Ah, Denmark. The country of Lego and vikings. Not necessarily in that order. Now I come to think of it, I don't really know what Denmark has to offer besides that. Well, there's the Danish pastries (which are not really Danish) and the Roskilde festival. Which I won't be visiting. I guess I'm in for a decent surprise.

I'll only be visiting Jutland. The main peninsula attached to Germany. So Copenhagen will have to wait. There's a choice to be made here. Whether to travel along the western or the eastern coast. The eastern coast has some beautiful scenery, Legoland (yay!) and a very diverse coastline. When taking the western route, there's of course the stunning North Sea coast which the route already follows from Germany.

Keeping the route nice and simple is important. The western most road heading north is probably the easiest choice. Denmark isn't that far from home, so there's plenty of opportunity to revisit the places I've passed.

Map

External Info
Distance traveled 444 km
Time spent 2 days

Places of Interest

disclaimer   These are only places that make up 90% of the plan for this trip. Whether or not I've actually managed to visit each and every one of them can be found in the ride report.

Esbjerg

Crossing the border with Germany at Neukirchen the route follows the North Sea coast up north. The first major town is Esbjerg, the home harbor of the Harwich ferry service. It's too bad I won't be using that ferry. Ferries are awesome, you know.

There's also a peculiar monument in Esbjerg. Four nine meter high statues of sitting, bald men with really thick coats on. There's no other way to describe the weird anatomical quirks found in the monument. The biggest feat (ha! word play) is the apparent lack of graffiti or other alternative paint-base permanent free art forms. It's interesting enough to visit.
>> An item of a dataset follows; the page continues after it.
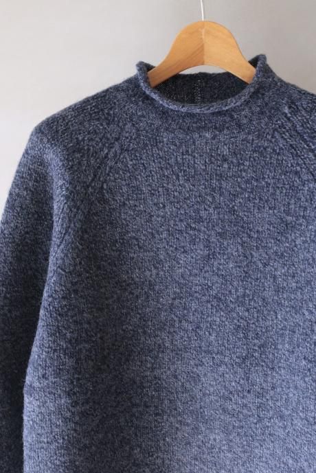 シェットランド糸を使用しローゲージで編み立てたボトルネックのプルオーバーニットです。

I bet all the Brits who disembark the ferry are hungry from the long hardships at sea. There has to be some good place for a snack around there somewhere. As it used to be the biggest fishing harbor of Denmark, there's bound to be some fish available for direct human consumption.

Esbjerg
The monument

CC-BY-SA-3.0 Erik Frohne

Ringkøbing, Stadil and Nissum Fjords

Water! Loads and loads of water. When following a coast line, you're bound to see some water. The route north from Esbjerg passes Ringkøbing Fjord over a narrow strip of land with Vesterhavet on the other side. The small town of Hvide Sande is located smack in the middle, surrounded by, you guessed it, water.

Staying just behind the dunes, or "klit" in Danish, the route passes the Stadil fjords. Everything has the word "klit" in it this close to the coast, which in Dutch means something completely different. There has to be some place, road or town called something hilarious in Dutch.

Further up north is the Nissum Fjord. It's huge. And there's, again, a town smack in the middle of the narrow piece of land between the ford and the sea. This time it's Thorsminde. With an awesome name like that there's no way they'll sink into the sea.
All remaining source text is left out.